Once again everything we knew about the treatment of dementia had changed. These patients need both an antiparasitic drug, and antibiotics. And yes the nematodes contain Borrelia bacteria; so killing them probably releases more Borrelia into the brain.

 

In the case of Lewy Body dementia, no one had ever found an adequate hypothesis to explain what caused the formation of Lewy-Bodies, and no one knew why Lewy-Bodies that were outside neurons were bigger and contained “granules and spaces” surrounding the alpha-synuclein spherical bodies.

 

The fact that Borrelia bacteria can penetrate neurons and the fact that neurons produce the alpha-synuclein that forms the Lewy-Bodies once again seemed like a coincidence that had to be explored.

 

It turns out that there may be several possible explanations in the formation of toxic alpha synuclein which have not been considered up till now.  (See Alan MacDonald’s paper on Nematodes and Lewy-Bodies at the F1000 website)

 

One possibility is that Borrelia or more likely Nematode worms causes the brain-neuron to produce the Lewy-Body inside the nerve cell by inducing alpha-synuclein production in the nucleus.  Then with time the Borrelia and Nematode secretions and alpha-synuclein kill the neuron. The neuron wraps itself around the alpha-synuclein sphere and becomes an extracellular Lewy-Body (outside of the nerve cell).

 

The nematodes too could theoretically be responsible for the Lewy Body formation. The worms produce a type of protein called LEA. When Alan stained the worms using an antibody-based stain to detect human alpha-synuclein. they lit up.  But no nematodes have ever been known to produce alpha-synuclein. It may well be that the LEA proteins which are similar in shape to the alpha-synuclein, were cross-reacting. And this might mean that nematode worm proteins are mimicking human alpha synuclein in the brains of people with dementia.

 

The neurons would be duped into taking up the foreign protein.
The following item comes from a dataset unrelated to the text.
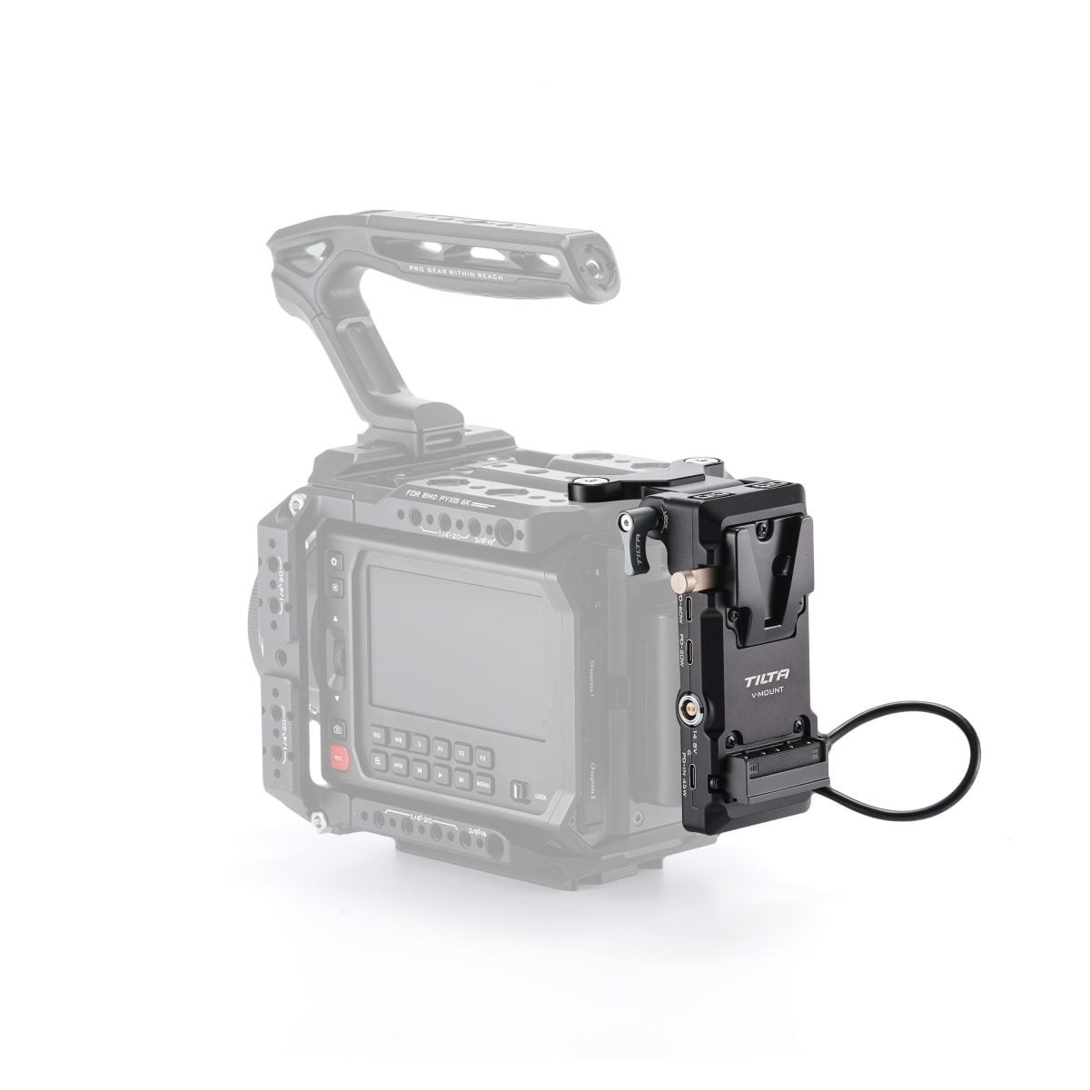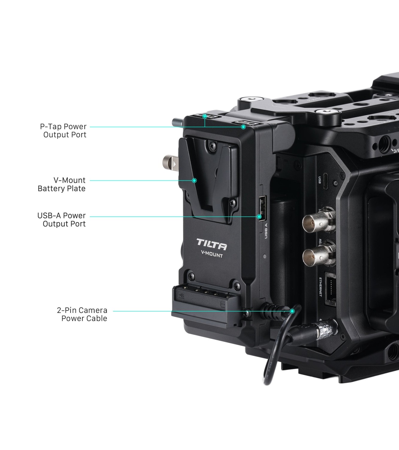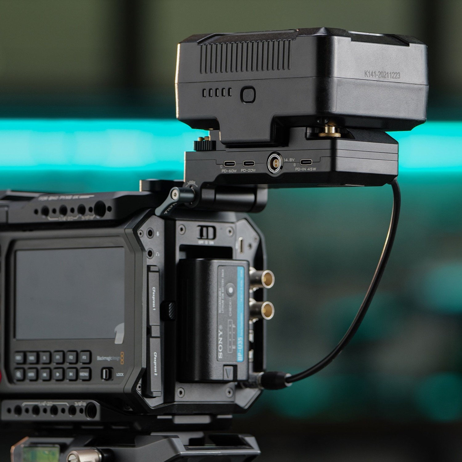 Ta V-Mount baterijska plošča se pritrdi neposredno na našo kamero kletko za Blackmagic PYXIS 6K/12K in ima več izhodnih priključkov za napajanje, kot so PD USB-C, P-Tap in 2-pinski priključek, ter vhod PD USB-C.

It would then destroy them, with the dead neurons coiling up into Lewy Bodies.

 

Staining these extracellular Lewy-Bodies for neuron proteins reveals the truth. Extracellular Lewy-Bodies were once healthy neurons. What killed the neurons? Was it Nematodes? Was it Borrelia?  Much is to be learned but both nematodes and Borrelia seem to be playing a major role in Lewy-Body Dementia.

 

What does this mean to Alzheimer’s and other dementia patients? 

 

 It means antibiotics isn’t enough. Many doctors have tried antibiotics in Alzheimer’s disease with limited success and mostly disappointment. Treatment should begin with a systemic antiparasite medication for nematodes and treatment must be prolonged to kill all life stages of the parasites. Since the nematodes carry live Borrelia in their gut, therapy must include several rounds of antibiotics. Since the tests for parasites and Borrelia are poor for a central nervous system infection, diagnosis and therapy are made on the basis of clinical symptoms and response to treatment.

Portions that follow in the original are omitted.